Thursday, June 13, 2013

Cartório - São Paulo

Yesterday my husband and I finally stopped putting off going to the cartório. What is a cartório exactly? I guess it is most like an American notary public; it is a place that confirms that you are you, and your signature is yours and that you know how to sign it exactly the same way as you did a week ago, five years ago, whenever you registered it. The photo above is the line-up of file cabinets containing index cards full of signatures. Each time you go in and sign something, they check it against the card. Forget your middle initial in your signature? Nope, you are not you. Fail.

We were at the cartório to have my husband sign off on an authorization for me to travel with our children without him. Every time we take a local, national or international trip on mass transport (bus, train, airplane), I need to carry this authorization. When we leave for Chicago next week (me and the 6-year old twins) I will have to show this to the federal police at the immigration desks (wouldn't that be emigration? Discuss.) and they will check it against a list of kids who cannot leave the country (think in the case of a contested custody fight, etc). Sometimes it worries me that I do not have free choice on traveling with my kids without my husband's sign-off.
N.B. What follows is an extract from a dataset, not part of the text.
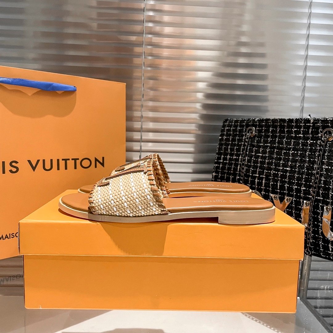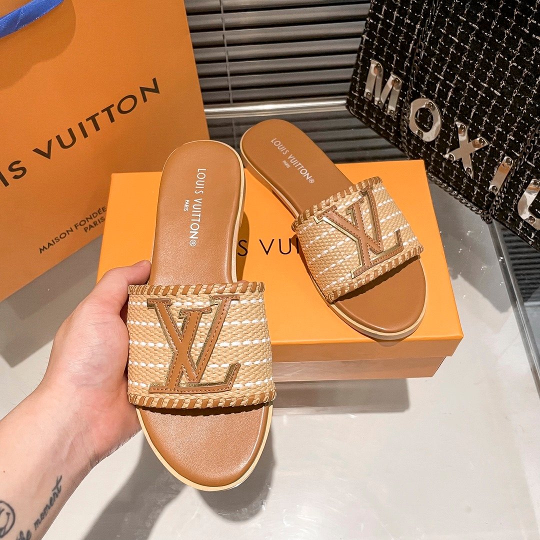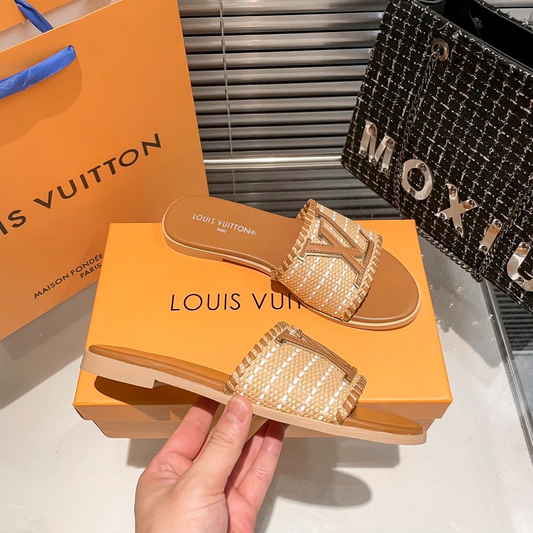 Replica 1:1 – Louis Vuitton Lock It Flat Raffia Mules Brown

The US does not require this kind of documentation. If your kids are not Brazilian (mine are half Brazilian) they also do not require these forms here.

This sign-off is necessary until the kids reach 18 years of age. Last year I traveled with my stepkids too and their mom and their dad had to sign off that I could take them out of Brazil. Yes, the US and Brazil have had some issues with kids being kidnapped by one parent or the other and that is why this law is in place. I get it. I still don't have to like it.